Dataset records:
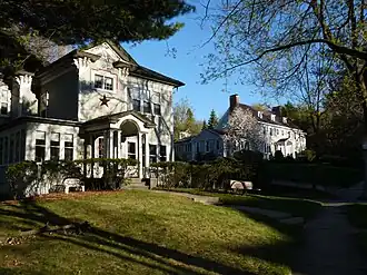 - Hettinga and Aucutt's NRHP nomination among the references above lists all the buildings and describes the first owners.
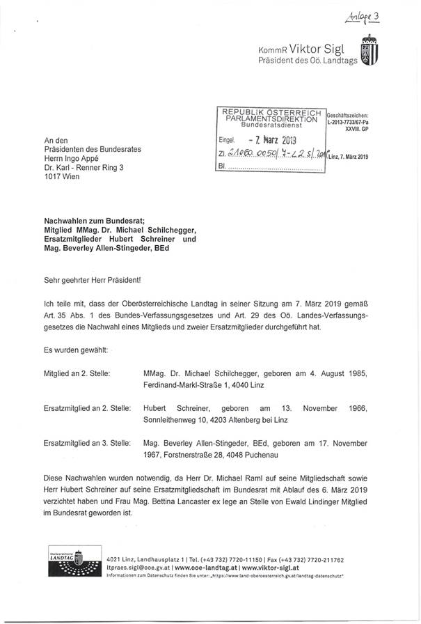 Schreiben des Präsidenten des Oberösterreichischen Landtages betreffend Mandatsverzicht des Bundesrates Dr. Michael Raml sowie eines Ersatzmitglieds des Bundesrates beziehungsweise Wahl eines Mitglieds und zweier Ersatzmitglieder des Bundesrates ................................................ 31
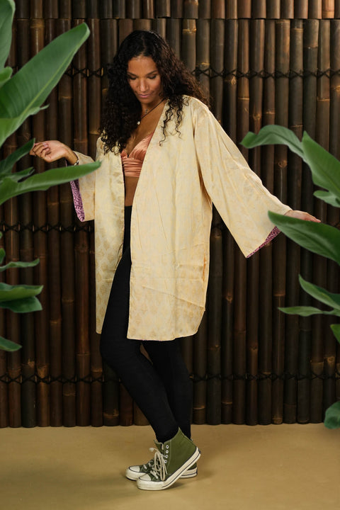 Uma Nomad ist eine nachhaltige Modemarke und wir stellen unsere Kleidung nur aus Vintage- und Second-Hand-Stoffen her. Da wir aus jedem Stoff, den wir wiederverwenden, nur 1 Stück herstellen können, sind alle unsere Kleidungsstücke wirklich einzigartig in Farbe und Druck.
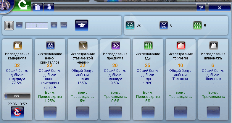 Уровень науки кадериума: -
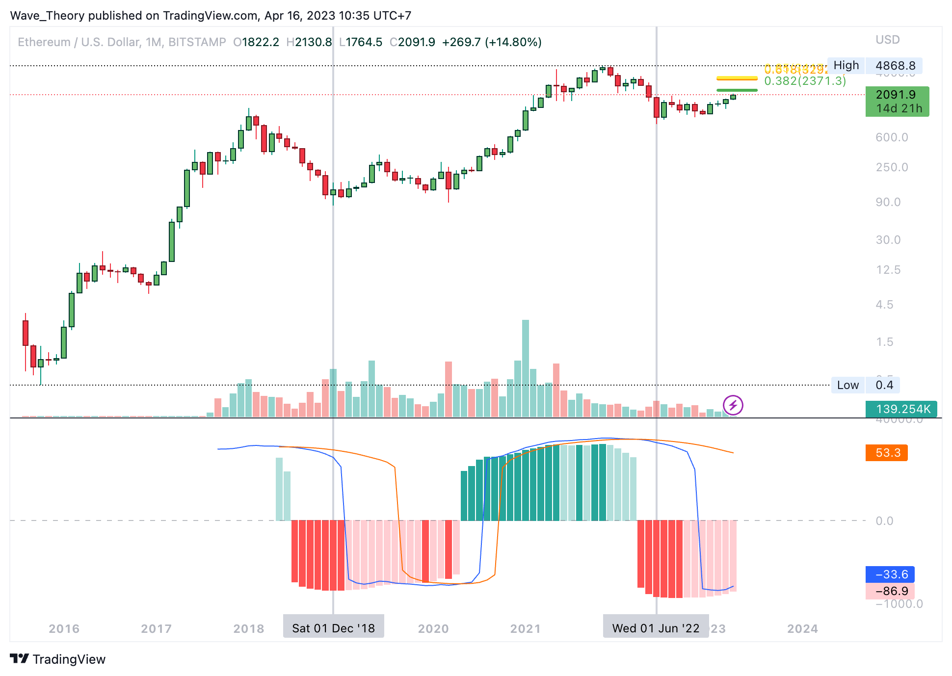 Für Ethereum gilt diese Beobachtung nicht, jedoch bedeutet das Ende des Bärenmarktes von Bitcoin auch der Beginn eines neuen Bullentrends für Ethereum. Ethereum findet jetzt bei rund 2.371 USD und bei rund 3.400 USD die nächsten signifikanten Fib Widerstände. Wenn Ethereum die Golden Ratio bei rund 3.400 USD bricht, befindet sich Ethereum offiziell in einem neuen Bullentrend.

* _PROBLEM REQUIREMENTS_
Only the lines from the start of the records above through the line containing "Schreiben des Präsidenten" should be returned, exactly and with both ends, please; the pictures stay out.

* _TASK SOLUTION_
 - Hettinga and Aucutt's NRHP nomination among the references above lists all the buildings and describes the first owners.
 Schreiben des Präsidenten des Oberösterreichischen Landtages betreffend Mandatsverzicht des Bundesrates Dr. Michael Raml sowie eines Ersatzmitglieds des Bundesrates beziehungsweise Wahl eines Mitglieds und zweier Ersatzmitglieder des Bundesrates ................................................ 31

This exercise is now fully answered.